Your instructions
In the listing below, print exactly the lines between the line holding "Set sportiv-elegant de" and the line holding "وأوضح بزي أنّ", inclusive, and no more.

Exercise data
┄┄┄┄┄┄┄┄┄┄┄┄┄┄┄┄┄┄┄┄

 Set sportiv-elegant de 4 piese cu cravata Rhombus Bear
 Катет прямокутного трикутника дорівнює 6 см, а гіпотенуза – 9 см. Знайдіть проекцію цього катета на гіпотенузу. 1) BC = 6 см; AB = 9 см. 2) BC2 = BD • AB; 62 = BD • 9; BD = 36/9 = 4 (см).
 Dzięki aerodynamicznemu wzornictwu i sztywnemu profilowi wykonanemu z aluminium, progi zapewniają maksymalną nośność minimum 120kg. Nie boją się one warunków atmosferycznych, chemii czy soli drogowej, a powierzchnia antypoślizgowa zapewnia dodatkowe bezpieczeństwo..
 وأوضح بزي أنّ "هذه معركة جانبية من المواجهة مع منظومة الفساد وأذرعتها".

┄┄┄┄┄┄┄┄┄┄┄┄┄┄┄┄┄┄┄┄

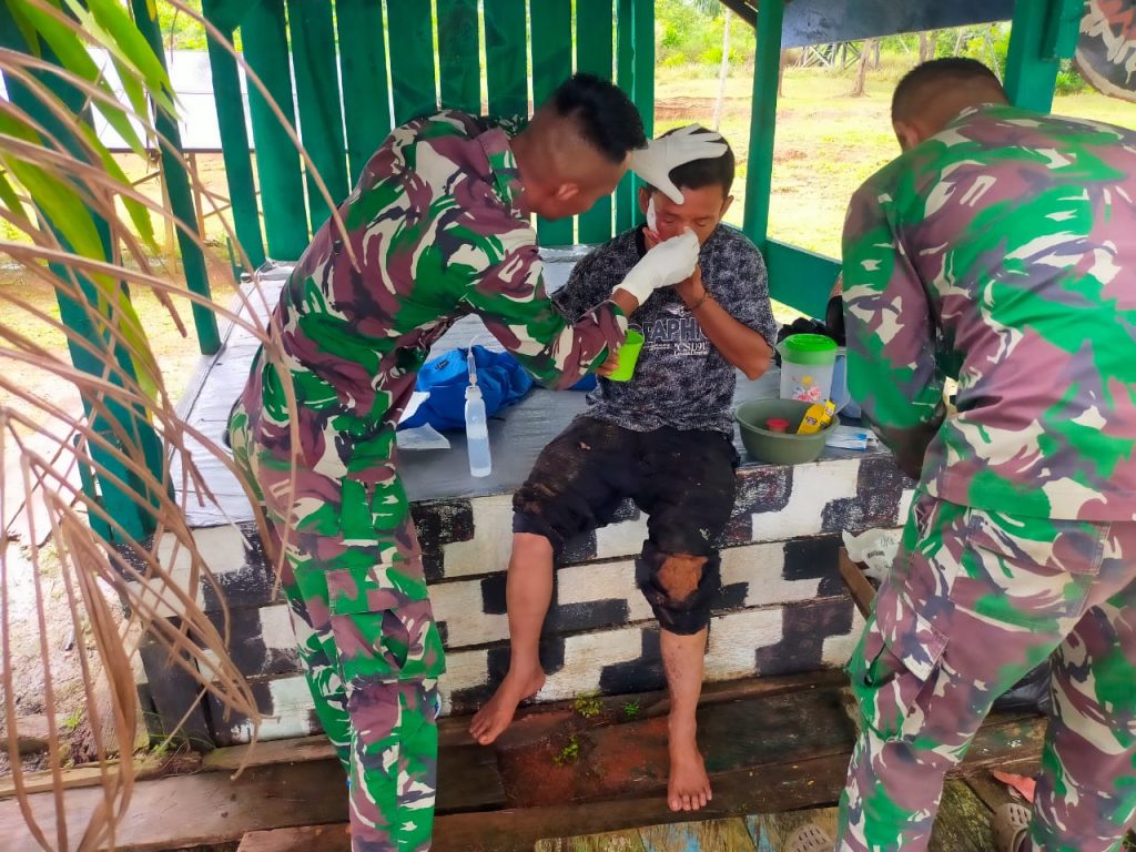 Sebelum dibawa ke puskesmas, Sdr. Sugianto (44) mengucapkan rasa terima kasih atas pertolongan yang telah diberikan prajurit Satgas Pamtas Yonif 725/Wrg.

┄┄┄┄┄┄┄┄┄┄┄┄┄┄┄┄┄┄┄┄

Output
 Set sportiv-elegant de 4 piese cu cravata Rhombus Bear
 Катет прямокутного трикутника дорівнює 6 см, а гіпотенуза – 9 см. Знайдіть проекцію цього катета на гіпотенузу. 1) BC = 6 см; AB = 9 см. 2) BC2 = BD • AB; 62 = BD • 9; BD = 36/9 = 4 (см).
 Dzięki aerodynamicznemu wzornictwu i sztywnemu profilowi wykonanemu z aluminium, progi zapewniają maksymalną nośność minimum 120kg. Nie boją się one warunków atmosferycznych, chemii czy soli drogowej, a powierzchnia antypoślizgowa zapewnia dodatkowe bezpieczeństwo..
 وأوضح بزي أنّ "هذه معركة جانبية من المواجهة مع منظومة الفساد وأذرعتها".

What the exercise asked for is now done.